Lecture 8, Feb. 2nd, 2015: Convolutional Neural Networks I

In this lecture, we will discuss the architecture responsible for virtually all the successes of deep learning in computer vision: the convolutional neural network.

Please study the following material in preparation for the class:

Other relevant material:


25 Replies to “Lecture 8, Feb. 2nd, 2015: Convolutional Neural Networks I”

  1. Hi,

    I’ve been working on Convolutional Neural Nets and i have some issues with the kernels matrices.

    In Hugo Laroche’s tutorials (https://www.youtube.com/watch?v=aAT1t9p7ShM), he exposes the following example:
    The input is an image 83*83, and in layer 1, there are 64 features maps and 75*75 hidden units by feature maps.
    Let Kij be the kernel matrix connecting the i th input channel with the j th feature map and let Xi be the matrix of the i th receptive field. We do the convolution between the matrices Kij and Xi.
    My question is:
    The matrix Kij is the same in the j th feature map, so why do we differentiate the matrix K2j and K3j for example, why is there an index i ? i am missing something ^^

    Thanks for your help, Pierre.


    1. If you have a 1 channel input, you are correct, but that’s not necessarily true.

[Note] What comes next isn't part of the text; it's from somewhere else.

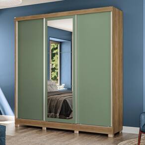 E para completar o charme do guarda-roupa, ele conta com corpo na cor nogueira, com pintura touch, que traz a textura dos veios da madeira, enquanto suas portas são reversíveis, possibilitando escolher entre as cores verde oliva, com pintura fosca, ou nogueira, com acabamento touch, garantindo muita beleza para seu espaço. E com espelho de corpo inteiro e pés em polipropileno, esse modelo será o destaque do seu espaço, proporcionando beleza e praticidade ao seu dia a dia.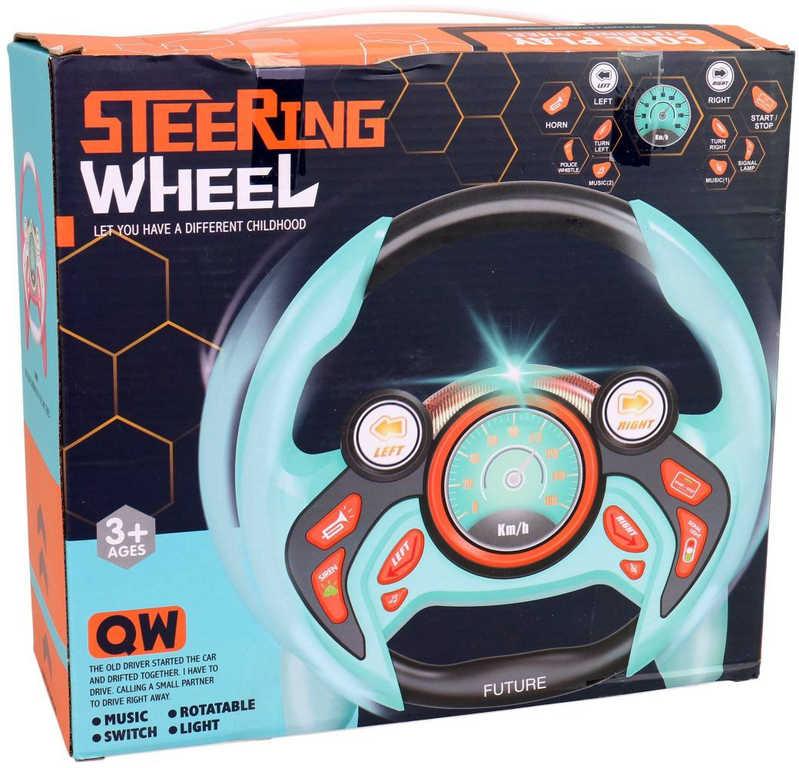 Parádní hračka pro všechny malé automobilové závodníky a fandy do aut. Plastový funkční model volantu v realistickém designu, na baterie. Melodie a světelné efekty. Reálné zvuky (policejní siréna, zatroubení). Volantem lze otáčet. Hračka se světlem a zvukem. Baleno v krabici.

For instance, RGB images may have 1 channel per color channel, which is a total of 3 channels. K_{11} would be the kernel which maps the R channel in the image to the first feature map.

      Liked by 1 person

  2. Hinton’s talk is very interesting.

    I don’t think this kind of architectural change is completly being ignored. We talked in the other lecture about different kinds of action functions (such as linearly mixing linear and tanh functions) and later we will also talk about new functions (such as LSTM units) etc. Christopher Dolan’s blog also talked about a “KNN-inspired” output layers (which similar to Hinton’s lecture is very much inspired from geometry)… These are all diffferent kinds of “capsules” or “hidden units”, which people are researching right now.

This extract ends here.